Judy Holdener

Professor of Mathematics
Kenyon College
Gambier, Ohio, USA

When creating artwork I do not see myself as a mathematician who uses algorithms and formulae to create interesting visual patterns. Nor am I an artist who uses mathematics to carry out my artistic vision. Rather, I am an observer and a thinker who seeks to understand patterns in the mathematical and physical worlds in which I live. Both worlds contain realistic and abstract components, and it is the interplay between the realistic and the abstract that I find most exciting.
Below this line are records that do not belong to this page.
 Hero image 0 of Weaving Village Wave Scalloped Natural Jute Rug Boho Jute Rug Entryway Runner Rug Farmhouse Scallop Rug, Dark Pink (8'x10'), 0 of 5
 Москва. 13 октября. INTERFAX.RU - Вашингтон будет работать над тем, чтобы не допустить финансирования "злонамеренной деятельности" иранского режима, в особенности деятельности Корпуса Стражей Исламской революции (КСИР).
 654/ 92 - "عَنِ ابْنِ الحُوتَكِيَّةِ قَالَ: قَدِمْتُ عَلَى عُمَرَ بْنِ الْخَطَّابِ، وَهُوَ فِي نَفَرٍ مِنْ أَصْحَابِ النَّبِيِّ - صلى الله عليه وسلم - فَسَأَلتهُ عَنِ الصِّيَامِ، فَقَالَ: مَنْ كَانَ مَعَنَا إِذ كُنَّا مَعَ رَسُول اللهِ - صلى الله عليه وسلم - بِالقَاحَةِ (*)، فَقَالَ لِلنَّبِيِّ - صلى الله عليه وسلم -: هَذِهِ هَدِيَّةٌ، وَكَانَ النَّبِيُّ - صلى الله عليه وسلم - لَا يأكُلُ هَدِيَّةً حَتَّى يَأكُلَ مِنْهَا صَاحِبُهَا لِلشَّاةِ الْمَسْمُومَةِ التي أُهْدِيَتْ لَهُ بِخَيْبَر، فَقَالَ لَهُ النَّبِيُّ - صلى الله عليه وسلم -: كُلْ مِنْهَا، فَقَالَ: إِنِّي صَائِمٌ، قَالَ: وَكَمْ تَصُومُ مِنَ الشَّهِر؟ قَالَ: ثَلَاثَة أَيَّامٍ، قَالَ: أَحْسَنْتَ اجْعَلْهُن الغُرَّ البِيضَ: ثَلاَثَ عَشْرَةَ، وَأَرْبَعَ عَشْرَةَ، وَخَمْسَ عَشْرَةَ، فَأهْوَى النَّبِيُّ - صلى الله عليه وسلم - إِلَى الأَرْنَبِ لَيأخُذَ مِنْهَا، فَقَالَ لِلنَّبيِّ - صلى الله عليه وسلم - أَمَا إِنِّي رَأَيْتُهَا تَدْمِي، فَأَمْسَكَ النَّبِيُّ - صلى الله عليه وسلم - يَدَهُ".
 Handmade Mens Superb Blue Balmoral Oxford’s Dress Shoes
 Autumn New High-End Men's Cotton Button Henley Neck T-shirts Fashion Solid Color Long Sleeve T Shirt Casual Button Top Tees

Making use of abstraction, symbols, technology and imagery, I seek to communicate my ideas, experiences and feelings to others, and through my artwork I hope to make abstract mathematical ideas more concrete for some while making reality more abstract for others.

Hilbert
Hilbert
60 x 60 x 3 cm
3D printed PLA
2019

The human brain is remarkable in its ability to fill in missing information as it works to make sense of the data it receives from the surrounding world. In this work I illustrate this phenomenon in the context of the visual system using Hilbert’s famous space-filling curve. Varying the thickness of the sixth iterate of the curve as it traverses the plane, I 3D printed a portrait of David Hilbert. The width of the rectangular piping along the curve at a point depends on the intensity of the pixel at that point. Using the well known photograph of Hilbert sporting a brimmed hat, the piping is wider when the intensity of the pixel is lower (where the image is darker) and thinner when the intensity is higher (where the image is brighter).